Instructions for the task
Output all entries verbatim. Skip pictures.

Entries provided
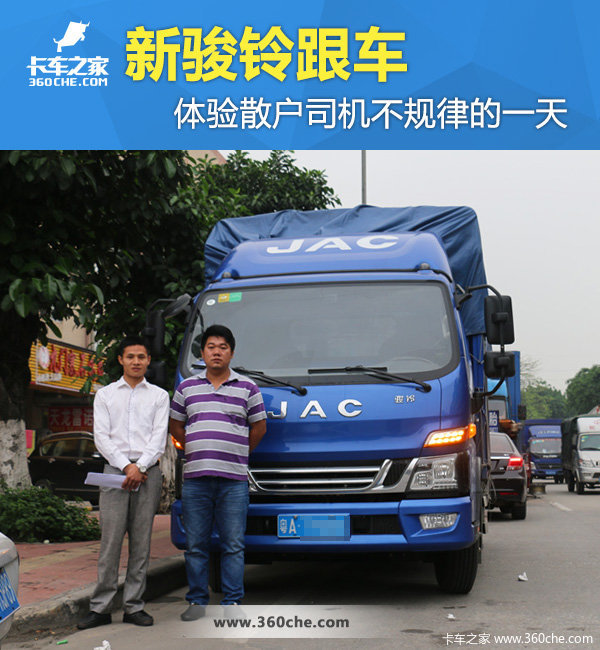 来卡车之家App【卡车之家 原创】新骏铃V6自上市以来,销量增长迅速,颇受用户欢迎。在广州从事物流运输的欧师傅就购入了一辆搭载云内2.5L发动机的新骏铃。卡车之家广州站的编辑有幸对欧师傅的这辆新车进行了跟车报道,下面就来看看广州散户轻卡司机的日常营运生活以及新骏铃在实际使用中的种种表现。
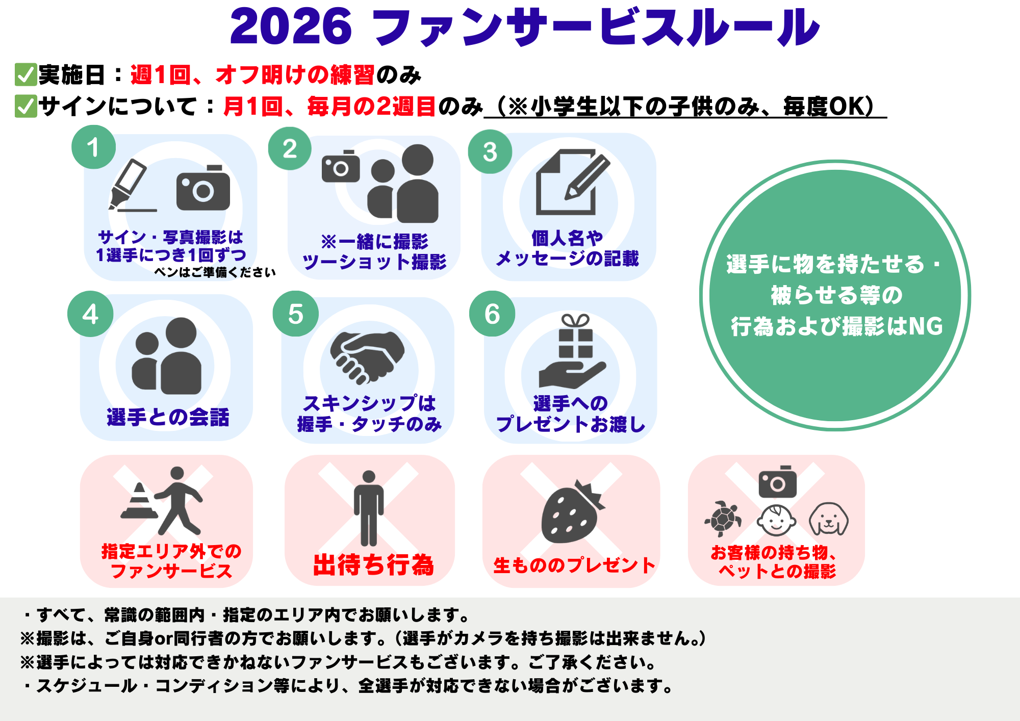 ・選手にものを持たせたり・かぶらせたり等の行為および撮影はNGとさせて頂きます。
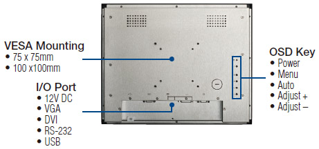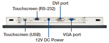 I/O VGA x 1; DVI-D x 1; 12 Vdc Jack x 1; USB x1; RS-232 x 1 (USB & RS-232 are reserved for the connection to enable touch usage only)
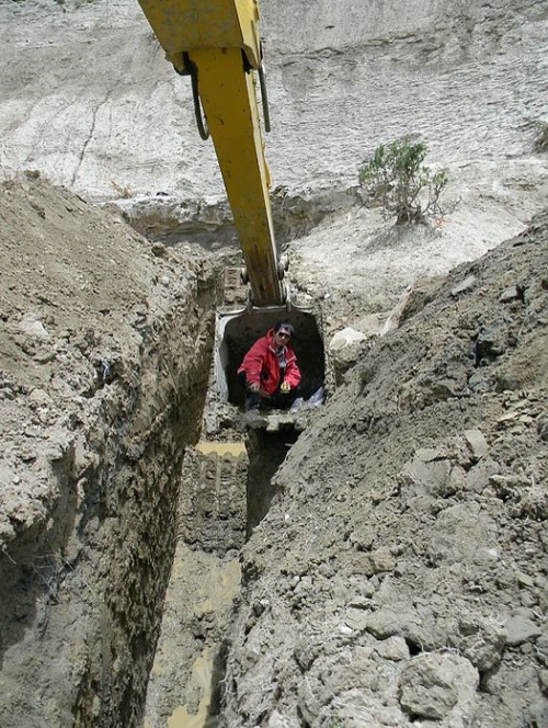 渐渐地他脱胎换骨了,肠胃变得通情达理,小肚子也不造反了,每天晚上安稳地睡在牛棚。当然,工作还是得继续。他此次野外的主要工作是对然乌地区冰湖古湖相沉积物(超过35m)、冰缘黄土的考察和采样。有一次他坐挖掘机的抓斗下到5米多深的探槽采样,忽然藏民在上面叽里呱啦大叫,他愣愣的没听懂,下意识的一个转身,一块大石头掉了下来。虽然有幸没被砸中,还是吓出了一身冷汗。
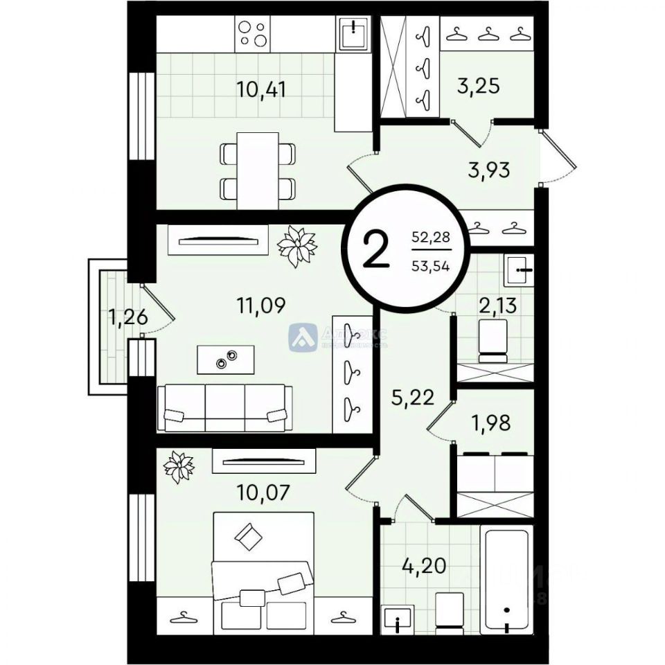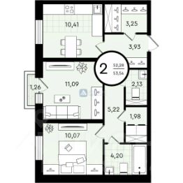 Предлагается к продаже уютная 2-комнатная квартира в доме жилого комплекса Зеленые аллеи. Площадь квартиры составляет 53,54 кв.м. Представленное жилье находится на втором этаже. Квартира имеет две изолированные комнаты правильной геометрической формы площадью 11,09 кв.м. и 11,07 кв.м. и кухню площадью 10,41 кв.м. Планировка квартиры предусматривает два санузла, которые создадут повседневный комфорт, гардеробную смежную с прихожей, и постирочную. Дополнительным пространством станет лоджия, на которой вы будете любоваться рассветами и закатами с чашечкой ароматного кофе.

Your response
 来卡车之家App【卡车之家 原创】新骏铃V6自上市以来,销量增长迅速,颇受用户欢迎。在广州从事物流运输的欧师傅就购入了一辆搭载云内2.5L发动机的新骏铃。卡车之家广州站的编辑有幸对欧师傅的这辆新车进行了跟车报道,下面就来看看广州散户轻卡司机的日常营运生活以及新骏铃在实际使用中的种种表现。
 ・選手にものを持たせたり・かぶらせたり等の行為および撮影はNGとさせて頂きます。
 I/O VGA x 1; DVI-D x 1; 12 Vdc Jack x 1; USB x1; RS-232 x 1 (USB & RS-232 are reserved for the connection to enable touch usage only)
 渐渐地他脱胎换骨了,肠胃变得通情达理,小肚子也不造反了,每天晚上安稳地睡在牛棚。当然,工作还是得继续。他此次野外的主要工作是对然乌地区冰湖古湖相沉积物(超过35m)、冰缘黄土的考察和采样。有一次他坐挖掘机的抓斗下到5米多深的探槽采样,忽然藏民在上面叽里呱啦大叫,他愣愣的没听懂,下意识的一个转身,一块大石头掉了下来。虽然有幸没被砸中,还是吓出了一身冷汗。
 Предлагается к продаже уютная 2-комнатная квартира в доме жилого комплекса Зеленые аллеи. Площадь квартиры составляет 53,54 кв.м. Представленное жилье находится на втором этаже. Квартира имеет две изолированные комнаты правильной геометрической формы площадью 11,09 кв.м. и 11,07 кв.м. и кухню площадью 10,41 кв.м. Планировка квартиры предусматривает два санузла, которые создадут повседневный комфорт, гардеробную смежную с прихожей, и постирочную. Дополнительным пространством станет лоджия, на которой вы будете любоваться рассветами и закатами с чашечкой ароматного кофе.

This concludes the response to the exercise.